In sequelize you can easily add order by clauses.

在 sequelize 中，您可以轻松添加 order by 子句。

exports.getStaticCompanies = function () {
    return Company.findAll({
        where: {
            id: [46128, 2865, 49569,  1488,   45600,   61991,  1418,  61919,   53326,   61680]
        }, 
        // Add order conditions here....
        order: [
            ['id', 'DESC'],
            ['name', 'ASC'],
        ],
        attributes: ['id', 'logo_version', 'logo_content_type', 'name', 'updated_at']
    });
};

See how I've added the orderarray of objects?

看看我是如何添加order对象数组的？

order: [
      ['COLUMN_NAME_EXAMPLE', 'ASC'], // Sorts by COLUMN_NAME_EXAMPLE in ascending order
],

Edit:

编辑：

You might have to order the objects once they've been recieved inside the .then()promise. Checkout this question about ordering an array of objects based on a custom order:

一旦在.then()承诺内收到对象，您可能必须对其进行排序。查看有关根据自定义顺序对对象数组进行排序的问题：

How do I sort an array of objects based on the ordering of another array?

如何根据另一个数组的顺序对对象数组进行排序？

If you want to sort data either in Ascending or Descending order based on particular column, using sequlize js, use the ordermethod of sequlizeas follows

如果您想将数据按照升序或者降序基于特定的列，使用排序sequlize js，使用order的方法sequlize如下

// Will order the specified column by descending order
order: sequelize.literal('column_name order')
e.g. order: sequelize.literal('timestamp DESC')

If you are using MySQL, you can use order by FIELD(id, ...)approach:

如果您使用的是MySQL，则可以使用order by FIELD(id, ...)方法：

Company.findAll({
    where: {id : {$in : companyIds}},
    order: sequelize.literal("FIELD(company.id,"+companyIds.join(',')+")")
})

Keep in mind, it might be slow. But should be faster, than manual sorting with JS.

请记住，它可能会很慢。但是应该比用 JS 手动排序更快。

You can accomplish this in a very back-handed way with the following code:

您可以使用以下代码以非常落后的方式完成此操作：

exports.getStaticCompanies = function () {
    var ids = [46128, 2865, 49569, 1488, 45600, 61991, 1418, 61919, 53326, 61680]
    return Company.findAll({
        where: {
            id: ids
        },
        attributes: ['id', 'logo_version', 'logo_content_type', 'name', 'updated_at'],
        order: sequelize.literal('(' + ids.map(function(id) {
            return '"Company"."id" = \'' + id + '\'');
        }).join(', ') + ') DESC')
    });
};

This is somewhat limited because it's got very bad performance characteristics past a few dozen records, but it's acceptable at the scale you're using.

这在一定程度上是有限的，因为它在几十条记录后的性能特征非常糟糕，但在您使用的规模上是可以接受的。

This will produce a SQL query that looks something like this:

这将产生一个看起来像这样的 SQL 查询：

[...] ORDER BY ("Company"."id"='46128', "Company"."id"='2865', "Company"."id"='49569', [...])

I don't think this is possible in Sequelize's order clause, because as far as I can tell, those clauses are meant to be binary operations applicable to every element in your list. (This makes sense, too, as it's generally how sorting a list works.)

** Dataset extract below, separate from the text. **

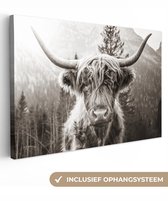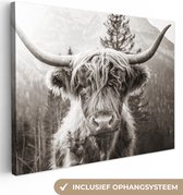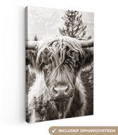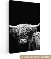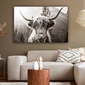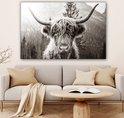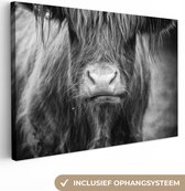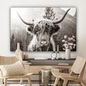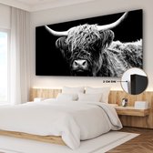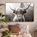 Tableau sur toile Highlander écossais - Vache - Animaux - Zwart - Wit - 120x80 cm - Décoration murale

我认为这在Sequelize 的 order 子句中是不可能的，因为据我所知，这些子句是适用于列表中每个元素的二元运算。（这也是有道理的，因为它通常是对列表进行排序的工作方式。）

So, an order clause can do something like order a list by recursing over it asking "which of these 2 elements is older?" Whereas your ordering is not reducible to a binary operation (compare_bigger(1,2) => 2) but is just an arbitrary sequence (2,4,11,2,9,0).

因此，一个 order 子句可以通过递归查询“这 2 个元素中的哪一个更旧？”来对列表进行排序。而您的排序不能简化为二元运算 ( compare_bigger(1,2) => 2)，而只是一个任意序列 ( 2,4,11,2,9,0)。

When I hit this issue with findAll, here was my solution (sub in your returned results for numbers):

当我遇到这个问题时findAll，这是我的解决方案（子在您返回的结果中numbers）：

var numbers = [2, 20, 23, 9, 53];
var orderIWant = [2, 23, 20, 53, 9];
orderIWant.map(x => { return numbers.find(y => { return y === x })});

Which returns [2, 23, 20, 53, 9]. I don't think there's a better tradeoff we can make. You could iterate in place over your ordered ids with findOne, but then you're doing n queries when 1 will do.

返回[2, 23, 20, 53, 9]. 我不认为我们可以做出更好的权衡。您可以使用 对订购的 id 进行原地迭代findOne，但是当 1 可以执行时，您将进行 n 次查询。